Ho: Smokers does not pay more insurance charges than non-smoker H1: Smokers pay more insurance charges
We will use an alpha(α) of 0.05.
ggplot(data)+
aes(smoker, charges, fill = smoker)+
geom_boxplot(outlier.colour = "red")+
theme_minimal()+
labs(title = "Insurance charges comparision of Smokers and Non-Smokers")
The boxplot gives a hint that the charges of non-smoker is quite below the smokers. Most of the smokers data are concentrated above non-smokers.
describeBy(x = data$charges, group = data$smoker)
##
## Descriptive statistics by group
## group: no
## vars n mean sd median trimmed mad min max range
## X1 1 1064 8434.27 5993.78 7345.41 7599.76 5477.15 1121.87 36910.61 35788.73
## skew kurtosis se
## X1 1.53 3.12 183.75
## ------------------------------------------------------------
## group: yes
## vars n mean sd median trimmed mad min max
## X1 1 274 32050.23 11541.55 34456.35 31782.89 15167.19 12829.46 63770.43
## range skew kurtosis se
## X1 50940.97 0.13 -1.05 697.25
We also used the describe command from psych package to show the various descriptives of two groups. It shows that average insurance charge of smoker group is very high. But is it statistically significant? This could also occur by a chance. This is where we are going to conduct hypothesis testing. We are going to perform t-test using the R inbuilt package.

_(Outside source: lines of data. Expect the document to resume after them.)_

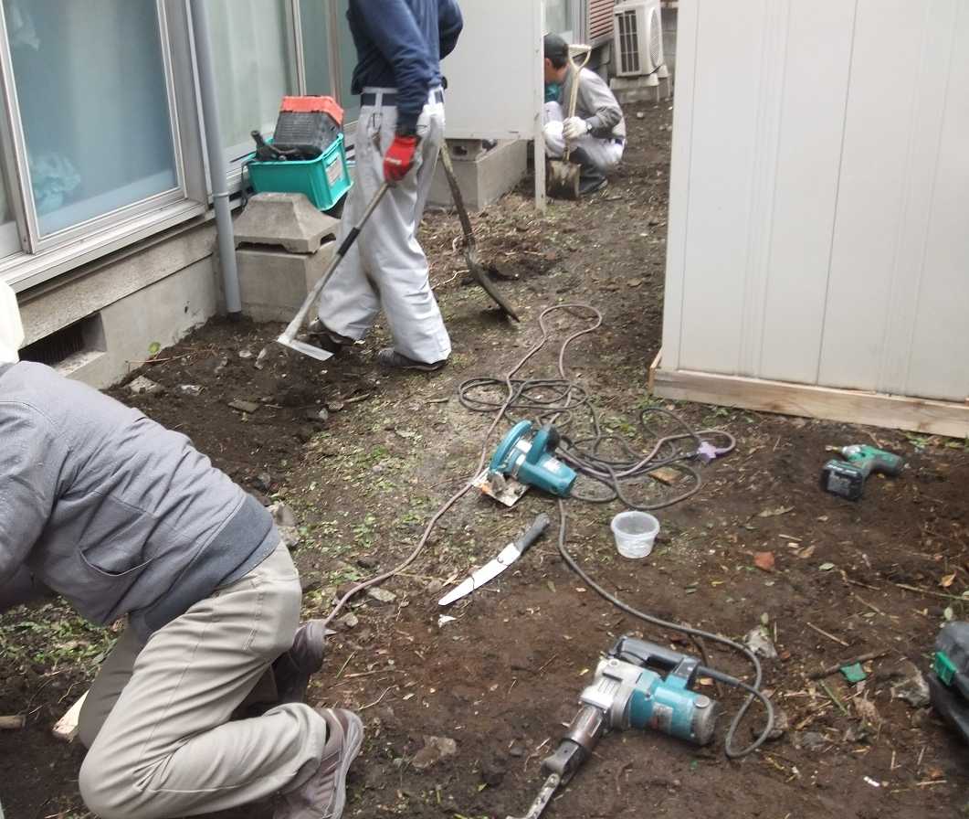 砕石敷き 前の 土間ならし 枠入れ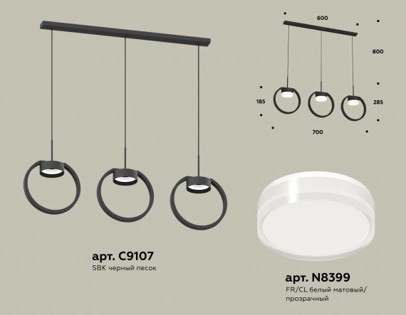 Комплект подвесного светильника с акрилом XB9107156/3 SBK/FR/CL черный песок/белый матовый/прозрачный GX53 (C9107, N8399)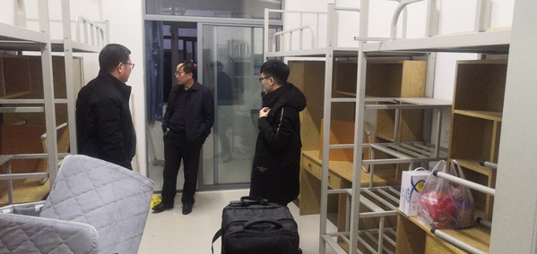 1月18日18点,成人文学 院长许培援带领学院副书记、辅导员走访慰问了因疫情影响不能回家的学生。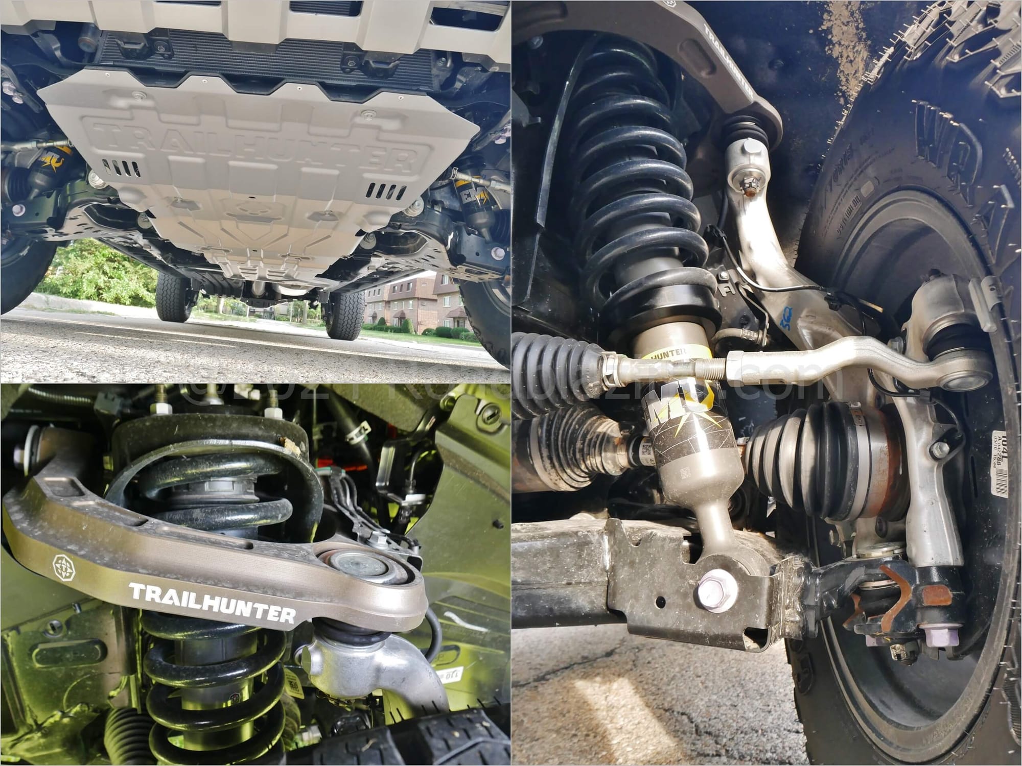 Suspension: FRONT double wishbone, coil springs over 2.5" Old Man Emu End Zone Control dampers, auto disconnecting stabilizer bar + ; REAR: solid axle, coil springs, panhard rod, 2.5" Old Man Emu external reservoir dampers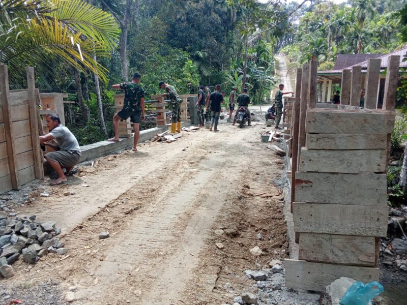 Kodim 0213/Nias menuntaskan pembangunan infrastruktur Jembatan Aramco di Sungai Malowu, Desa Sanawuyu, Kecamatan Sawo, Kabupaten Nias Utara, Jumat (13/3/26).

t.test(charges~smoker, data)
##
## Welch Two Sample t-test
##
## data: charges by smoker
## t = -32.752, df = 311.85, p-value < 0.00000000000000022
## alternative hypothesis: true difference in means is not equal to 0
## 95 percent confidence interval:
## -25034.71 -22197.21
## sample estimates:
## mean in group no mean in group yes
## 8434.268 32050.232
We can observe the p-value above. It is very low compared to our defined alpha value. Hence, we can reject the null-hypothesis and accept our alternative hypothesis, which is, smokers pay more insurance charges.
countplot <- as.data.frame(table(data$sex, data$smoker))
countplot$Var2 <- ifelse(countplot$Var2 =="no", "Non-Smoker", "Smoker")
countplot
ggplot(countplot)+
aes(Var1, Freq, fill = Var2)+
geom_bar(stat = "identity", position = "dodge")+
labs(x = "Gender", fill = "Categories", title = "Proportion of Smokers and Non-Smokers classified by genders", y = "Frequency")+
theme_minimal()
Since we are dealing with two independent variables here, we are going to perform Chi-Square Test.
Ho: There is no difference in proportion of smokers between genders H1: There is difference in proportion of smokers between genders
We will use an alpha(α) of 0.05.
table(data$sex, data$smoker)
##
## no yes
## female 547 115
## male 517 159
chisq.test(table(data$sex, data$smoker))
##
## Pearson's Chi-squared test with Yates' continuity correction
##
## data: table(data$sex, data$smoker)
## X-squared = 7.3929, df = 1, p-value = 0.006548
The test returned the p-value which is lesser than the alpha value that we defined earlier. Therefore, we again reject the null hypothesis and accept the alternative hypothesis which states that there is difference in proportion of smokers according to gender.
H. Wickham. ggplot2: Elegant Graphics for Data Analysis. Springer-Verlag New York, 2016.
Matt Dowle and Arun Srinivasan (2021). data.table: Extension of data.frame. R package version 1.14.0. https://CRAN.R-project.org/package=data.table
R Core Team (2021). R: A language and environment for statistical computing. R Foundation for Statistical Computing, Vienna, Austria. URL https://www.R-project.org/.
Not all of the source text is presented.